I started looking into what would be involved with an ear tube surgery, known to doctors as a "myringotomy." It seemed like a relatively minor procedure, other than the use of anesthesia (which can carry its own risks). But then I started reading articles like this New York Times article from 2006. The article discusses the many drawbacks to myringotomy, including the potential for future, additional surgeries; compares the risk of hearing loss and developmental delays for children with tubes versus those without; and hypothesizes on the affect of immunization on frequency of ear tube surgery. Ear tube surgeries are an overused solution, according to those quoted in the article, and a preventive approach to antibiotic use (dosing a child with antibiotics whenever they get a cold) is suggested as an alternative (a suggestion that is later noted to be outdated).

What I gathered from this discussion is antibiotic treatment - one of only two available remedies for chronic ear infections, (the other being ear tube surgery) - is the lesser evil in this particular situation. Although I agree that ear tube surgery may be overused, the fact remains that antibiotics are, as well. I pondered our choices, considering the effects of each option - short term, long term, individual and societal. Here's what I came up with:

(i.e. Myringotomy)

  •  Potential for improved sleeping, and overall health and well-being

  • Use of anesthesia and risk associated with it
  •  Potential for needing future surgeries if tubes fall out early
  •  May be an extreme and/or overused solution, depending on circumstances


  •  Avoidance of surgery and anesthesia

  •  Creates additional problems, such as diarrhea


  •  Child may simply “outgrow” the problem

Comparing all of these options side by side helped me to see that, for us, the overall benefits of surgery outweighed the risks. We bit the bullet and went for it.

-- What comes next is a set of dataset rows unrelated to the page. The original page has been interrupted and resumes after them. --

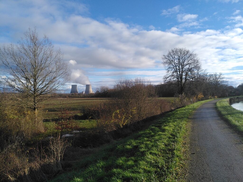 En préambule, je proclame que je suis profondément attaché à la Loire, j’en suis presque amoureux. Je recommande à tout le monde le voyage à vélo, de l’expédition à la sortie du dimanche. POURTANT, je ne connais rien d’aussi ennuyeux que ce trajet que je vous ai décris ! Les levées de la Loire permettent de rouler isolé des voitures mais elles sont assommantes à la longue. Une fois la nuit tombée (d’où l’erreur de pédaler en décembre), tout ou presque devient sombre. Seule la faune sauvage (j’ai croisé plus de chevreuils que de cyclistes) se révèle dans la lumière de mon phare. Sur ce tronçon, comme tout le long de la Loire, vous trouverez châteaux et vignobles. Mais les vignes sont presque invisibles à cette période de l’année. Les constructions les plus surprenantes furent finalement les cheminées des centrales nucléaires. Vous me trouvez blasé et vous avez raison. J’ai surtout appris une chose me concernant : pédaler c’est bien, mais sans rencontres, cela ne m’apporte rien. Le paysage n’a donc de sens que quand il est lié aux humains qui le peuplent (j’aurai dû écouter mes cours de Géographie).
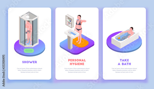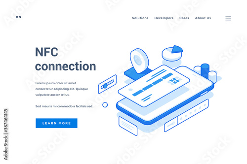 Audiobooks online landing page website template. Vector isometric pile of books with headphones on smartphone screen. Books online concept.
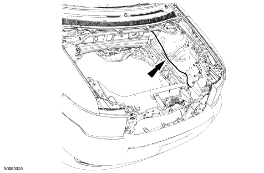 - Pull the hood latch release cable through the cowl panel into the engine compartment.
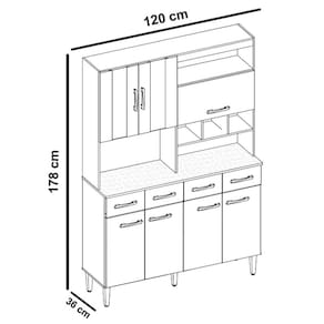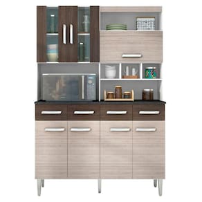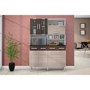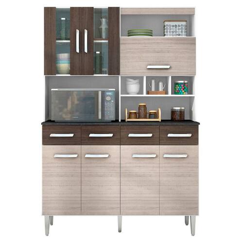 Confeccionado em MDP, ele possui um designer moderno e clean, bastante espaço para organizar utensílios. Conta com sete portas, sendo que duas tem detalhe em vidro, quatro gavetas espaçosas, espaço dedicado para alocar forno elétrico ou microondas, nichos funcionais e acabamento em pintura UV de alta resistência.
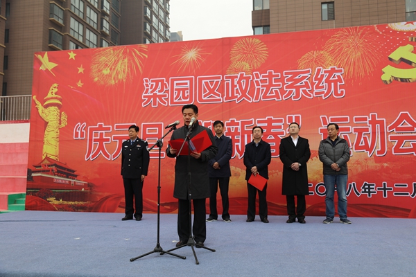 12月19日,商丘市梁园区政法系统“庆元旦 迎新春”冬季运动会在辖区十六中学隆重举行。区委书记、区长薛凤林,区委副书记崔振华,区委常委、政法委书记王宝剑,梁园区法院党组书记、院长王亚东,市公安局梁园战区党委书记贾洪亮,区政府党组成员、区委群工部部长张伟东等领导出席开幕式。
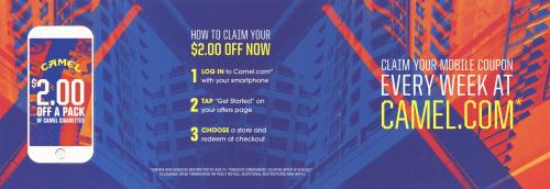 Direct mail from Camel received in November 2017 that has instructions for claiming mobile coupons with your phone through the brand website. Also includes coupons.
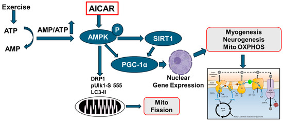 Exercise consumes a large amount of ATP, elevating the AMP-to-ATP ratio. Increased AMP binds to the enzyme AMPK and induces the phosphorylation of AMPK (Figure 1). On the other hand, AICAR directly phosphorylates AMPK. (1) Phosphorylated AMPK activates SIRT1/PGC1-α in the catabolic process of exercise (increased OXPHOS), resulting in decreased body weight, reduced triglycerides, improved HOMA-IR index and lower NEFA levels; (2) phosphorylated AMPK activates PGC-1α co-transcriptional complexes that initiate the overexpression of target genes to promote myogenesis, neurogenesis, and mitochondrial bioenergetics; and (3) phosphorylated AMPK led to phosphorylation of mitochondrial fission factor (MFF), recruitment of dynamin-like protein DRP1 to mitochondria, and activation of ULK1, an upstream kinase in autophagy and mitophagy. Mitochondrial fission allows damaged mitochondria to be selectively degraded through mitophagy pathways. The main points of this paper are boxed in red.
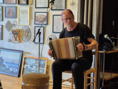 Efter föreläsningen serverades vi kaffe och hemmagjord ostkaka. Då fick vi lyssna på Jocke Nykvist som spelade några låtar på bälgaspel och gitarr.
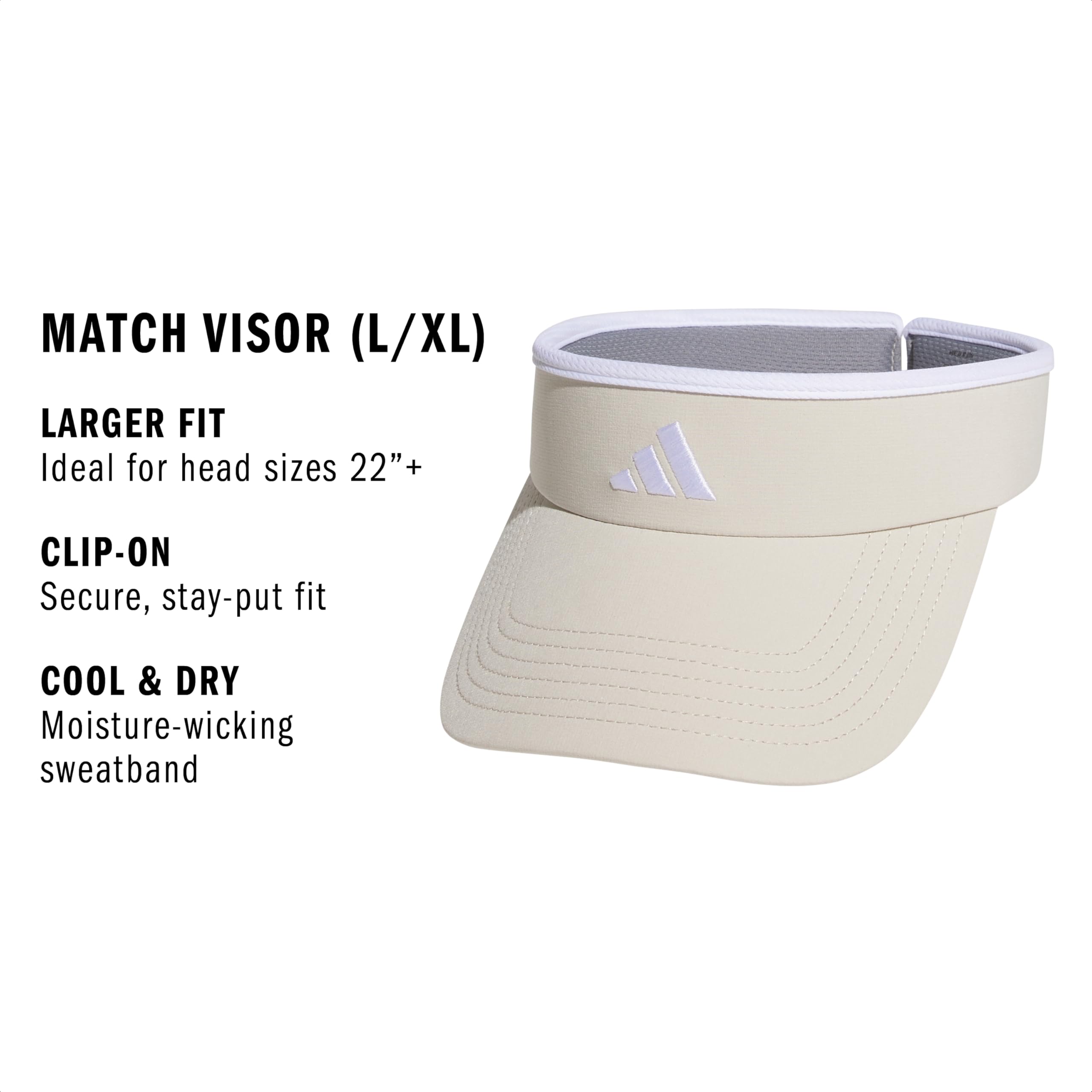 Description Keep glare and hair out of your eyes wearing this women's adidas Match 2 Visor. Its lightweight, one-size-fits-all design provides full brim coverage for the court, the beach or wherever. Sweat-wicking material keeps you dry through game, set and match.
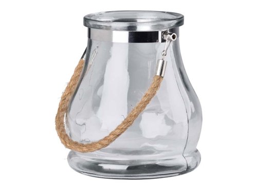 Tato výraznější skleněná lampa (160 × 180 mm) vynikne jako dominantní prvek ve vaší dekoraci. Čiré sklo a závěs z přírodního lana umožňují snadné zavěšení kdekoliv – uvnitř i venku. Vhodná pro větší svíčku nebo drobný světelný řetěz. Skvělá pro vytvoření hřejivé atmosféry v obývacím pokoji, na verandě nebo během letních večerů na zahradě.
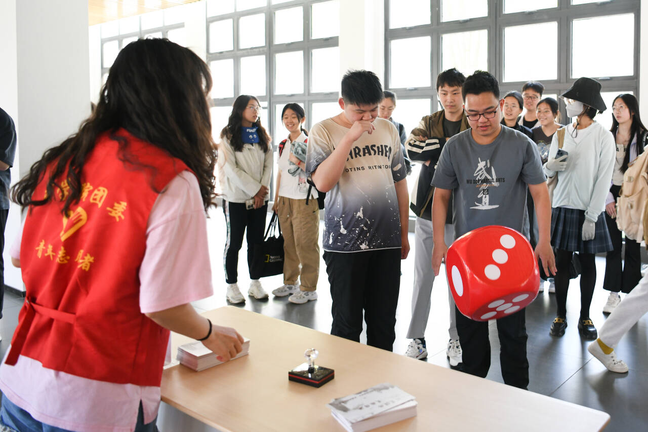 为增加活动的吸引力及趣味性,团委志愿者部设计了新颖有趣的活动参与形式。参与者们在文韵引导处领取盖章卡片之后,可以根据投掷的骰子数前往对应的摊位进行深度体验。每个不同的摊位上有不同的文化印章,所有拿到集章卡片的同学均可前往对应摊位盖章。
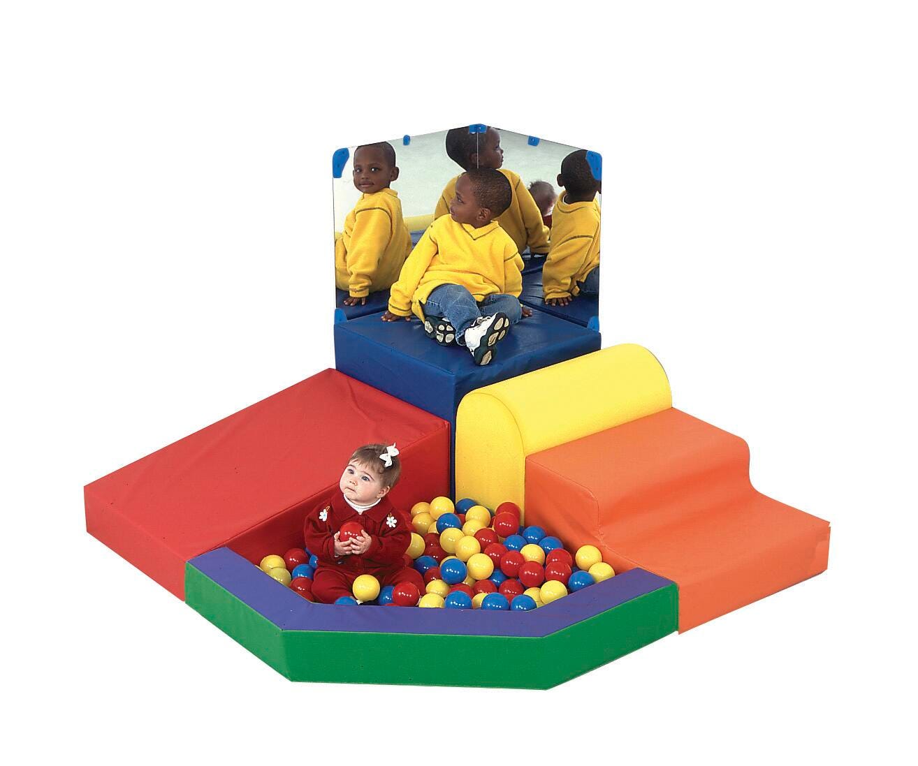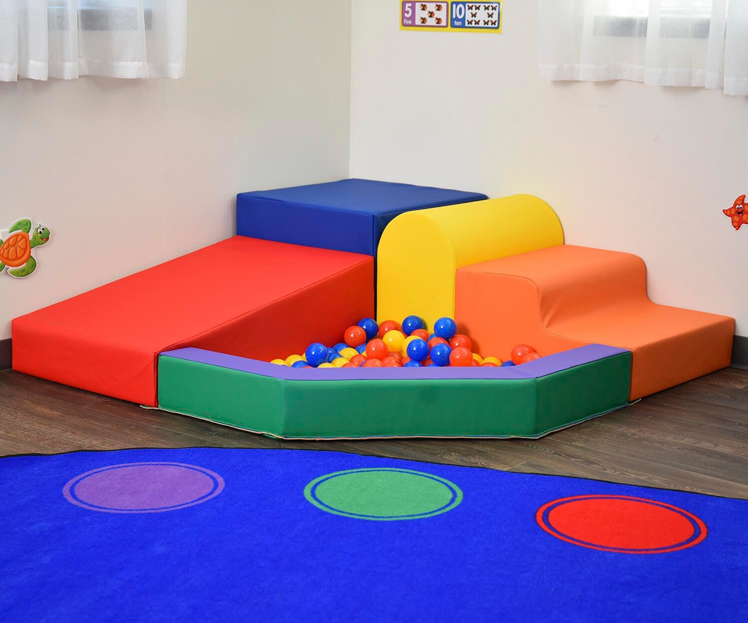 A true all-in-one Mikayla’s Mini Mountain has stairs a ramp AND a ballpool! Bright colors attract curious climbing crawlies and toddlers to our soft Corner Climbers. Great for a variety of ages and stages. Older kids can enjoy the challenge of reaching the top while younger kids can find delight in the colorful ballpool at the bottom. Balls not included. Measures 60 L x 60 W x 18 H inches.
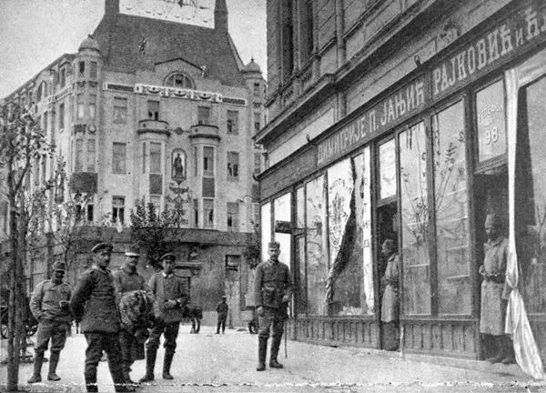 Белград во время австро-венгерской оккупации 1915-1918 годов. В декабре 1914 года австро-венгерские войска захватили Белград, но его оккупация была кратковременной, поскольку сербская армия отразила нападение агрессоров после битвы при Колубаре в конце 1914 года, но вторая оккупация продолжалась с осени 1915 года до самого окончания Первой мировой войны. Во время австро-венгерской оккупации Белграда с 1915 по 1918 год город находился под управлением Сербского военного генерал-губернаторства, учрежденного Верховным австро-венгерским командованием, а территория Сербии была разделена на оккупационные зоны, включавшие Белград и прилегающие территории. Австро-венгерская оккупация сопровождалась как репрессиями, так и попытками хоть как-то нормализовать жизнь – оккупанты пытались контролировать ситуацию через военные и разведывательные службы, а также через строительство новых школ и развлекательных заведений

Aaaand, the results... (drum roll, please!)
So, you may be wondering how our little guy has fared since his surgery. It has now been two weeks since he had his tubes put in, and we have seen some positive signs that it was, indeed, the right choice for him. Within a week of the surgery, he was making some final leaps toward several developmental milestones that had be in the works for some time - he began pointing with just one finger rather than with his whole hand; he said "baby," his first word that did not consist of the same repeated sound (i.e. "mama," "dada," "baba"); he began letting us hold his hands while he tried to walk - something he would never let us do before. Are these things related to his surgery? Who knows. What I do know is that my baby is feeling better, a benefit that far outweighs what minimal risk I was able to associate with the scary-sounding "myringotomy" procedure.

I surprised myself, truth be told. I had been determined to avoid surgery unless it was truly our only remaining option. But what it came down to, really, was what was going to make life better - easier, more peaceful, more predictable - for my family and myself. The choice might not be the same for someone else. Ultimately, I tried to use an approach that served me well during my pregnancy and continues to do so as I navigate my way through the wild world of parenting:  get as much information as possible when making a decision, and then...let it go, trusting that I've done what's right for us.